Hi @yayapao Thanks a lot for the feedback! What would your ideal workflow look like for such errors?

Should these errors be warning-level issues in Sentry and we don't notify you about them unless they spike?
Would you like to continue seeing these issues in your stream?

realkosty · 2023-03-23T16:14:28Z

realkosty
Mar 23, 2023
Collaborator

[Web only][may be off-topic]

Sometimes what is essentially the same error get split into 3 issues because of legitimately different stacktraces (or lack thereof) between browsers:
Safari issue
Safari issue - same thing but somehow this one with a stacktrace
Firefox same error looks differently
I wonder how common this is.

Technically they are duplicates, but:

From customer perspective it's still noise/non-actionable
Arguably this is outside the realm of Grouping because all 3 have distinct fingerprints?

1 reply

therealarkin May 22, 2023

Great point. cc: @armenzg @brianthi

tdtm · 2023-06-05T13:24:45Z

tdtm
Jun 5, 2023

This is great.

Deployment-related errors.
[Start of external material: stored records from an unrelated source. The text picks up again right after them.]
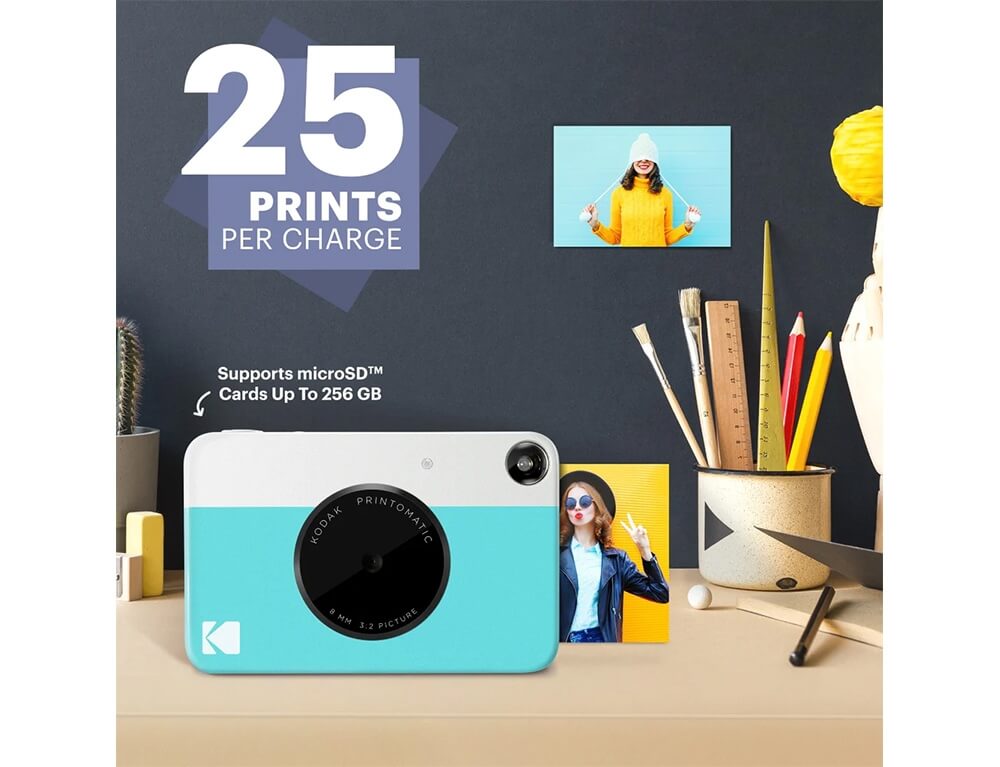Η φωτογραφική μηχανή Printomatic εκτυπώνει άμεσα και αυτόματα φωτογραφίες πλήρως έγχρωμες φωτογραφίες υψηλής ποιότητας. Χρησιμοποιεί φωτογραφικό χαρτί Kodak Zink, επομένως δεν χρειάζονται δοχεία μελάνης ή τόνερ.
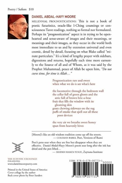MILLENNIAL PROGNOSTICATIONS: This is not a book of poetic futuristics, oracle-like I-Ching countings or consciousness Tarot readings, nothing so formal nor formulated. Perhaps its "prognostication" aspect is in trying to be open-hearted and sense-aware of images and their meanings, or meanings and their images, as they occur in the world both most immediate to us and by extension universal and even cosmic, detail by detail, focusing on what Blake called "minute particulars." It's a kind of lengthy prayer with sidebars, digressions and returns, hopefully each time more earnestly to the Source of all and of Whom, as it was said by the Prophet Muhammad, peace of Allah be upon him, "Do not curse time, for time is Allah..."
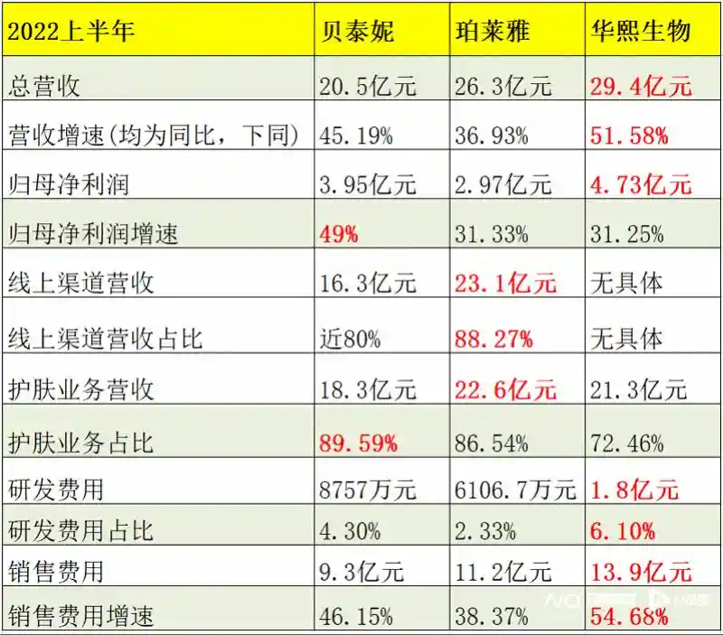 相比之下,同样以护肤业务为主要板块,华熙生物在护品品类拓展的品牌更加多元。2022年上半年华熙生物实现总营收29.35亿元,同比增长51.58%;实现归属于上市公司股东的净利润4.73亿元,同比增幅31.25%。

Others before me have already covered them (ie some issues are expected during deploy and aren't actionable, but if they continue for longer than X, then there's something wrong).

I'd just add to that: Sentry's current auto-grouping doesn't handle this very well. We've tuned the groupings using SDK fingerprinting, which has largely helped, but I wish the issue merging was more effective at this. Typically, these errors will share a bit of the stack trace but not the whole trace.
Other examples of errors that are not typically actionable:
- permissions assertion failures,
- entity not found, or
- page not found.
A number of these are somewhat normal (eg an entity was deleted but someone still had a bookmark to its page) but if they spike, either in total number or number of affected unique records or number of affected users, it means something is broken. Or maybe someone is attempting to enumerate. Either way, it's abnormal.

1 reply

armenzg Jun 9, 2023
Collaborator

@tdtm If you file an issue, I can look into it and work on a better solution. Thanks!

holvianssi · 2023-12-11T07:58:47Z

holvianssi
Dec 11, 2023

I'm also interested in this topic. Quite often a large service with many external integrations will produce errors you can not act on. We have sometimes removed them altogether from Sentry, but better would be to have them there, but as non-actionable issue.

I'm wondering if categorising these to actionable and non-actionable issues would be the right way to go.

TypeError would be an actionable issue. TimedOutError wouldn't typically be one.

So, what should happen when an TimedOutError is first seen by Sentry? You would check it in UI, and click "not an actionable issue", and perhaps you would be asked to configure "raise as issue in case more than N in 5 minutes / AI autodetects spikes". So, now if you get an additional TimedOutError, it would still be recorded, but Sentry wouldn't show it as actionable. If you get a lot of TimedOutErrors, then Sentry would switch it to an actionable issue.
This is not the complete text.